Ignoring Pages & Documents

Using Index Manager Tool

To exclude or ignore certain pages on the web-site, before importing a new source, select 'More Options' and set 'Path matches to be ignored' to a part of the path that should be ignored.

If for example a support forum on the site has numerous duplicate pages with different URLs (reply links, reply with quote links) then it is desirable to exclude the duplicates from the index at the crawling stage.

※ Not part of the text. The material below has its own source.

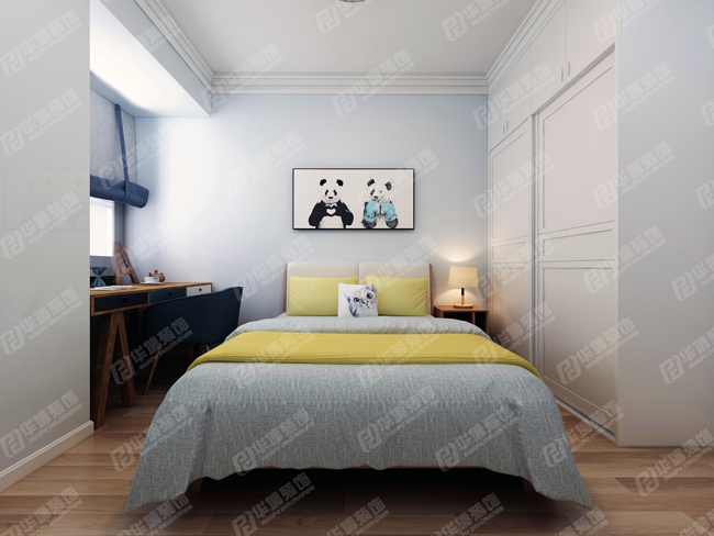 兒童房一股清流襲來,藍(lán)灰的調(diào)調(diào),給人很放松、很舒適的感覺。
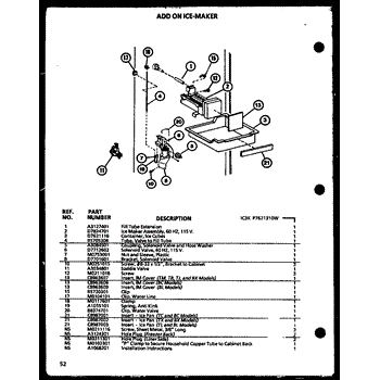 Parts for Amana TX18NB-P1106229W: Add On Ice-Maker (Ic3k / P7621310w) Parts

Suppose that the links are as follows:
http://localhost/forum.aspx?action=reply&mesgid=1

http://localhost/forum.aspx?action=view&mesgid=1

http://localhost/forum.aspx?action=reply&mesgid=2

http://localhost/forum.aspx?action=view&mesgid=2

and that the 'reply' pages contain the same text as the 'view' pages. To prevent the 'reply' pages from being added to the index at the crawl stage we can add an element to the 'Path matches to be ignored' collection; "forum.aspx?action=reply" - which will prevent any URLs that contain that text from being added. It is a collection and can contain multiple URL segments to be ignored.

Note, if an index has already been created, setting this will have no effect on documents already in the index, so if necessary, delete the index and recrawl.

Robots Meta Tag

The de facto standard 'robots meta tag' can be used to control whether links are read (nofollow), or content is indexed (noindex), for a page.

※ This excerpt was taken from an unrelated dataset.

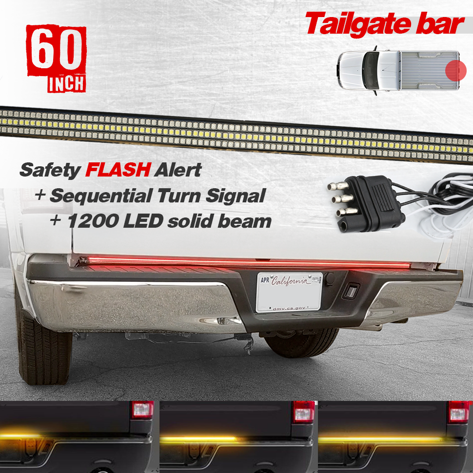 LED Tailgate Light Bar Sequential Signal Brake + Strobe Brake Alert

<meta name="ROBOTS" CONTENT="NOINDEX, NOFOLLOW"/>

To ignore the robots meta tag, set RespectsRobotsMetaTags to false in the configuration.

Keyoti Robots Meta Tag

In cases where it is desired to only block the SearchUnit indexer, but still allow other ROBOTS such as Google, use the custom Keyoti_ROBOTS tag in a similar way to the standard ROBOTS tag.

<meta name="Keyoti_ROBOTS" CONTENT="NOINDEX, NOFOLLOW"/>

The configuration parameter RespectsRobotsMetaTags has no effect on whether this tag is observed.

Programmatically

Specifying pages not to index can be handled programmatically during import by passing an ArrayList of strings;

C#

   DocumentIndex imp = new DocumentIndex(Configuration);
   urlStrings = imp.Import(new WebsiteBasedIndexableSourceRecord(startUrlString, 
				pathMatchesToBeIgnoredList, pathMatchesToBeIncludedList));
   imp.Close();

(pathMatchesToBeIgnoredList and pathMatchesToBeIncludedList can be null/Nothing)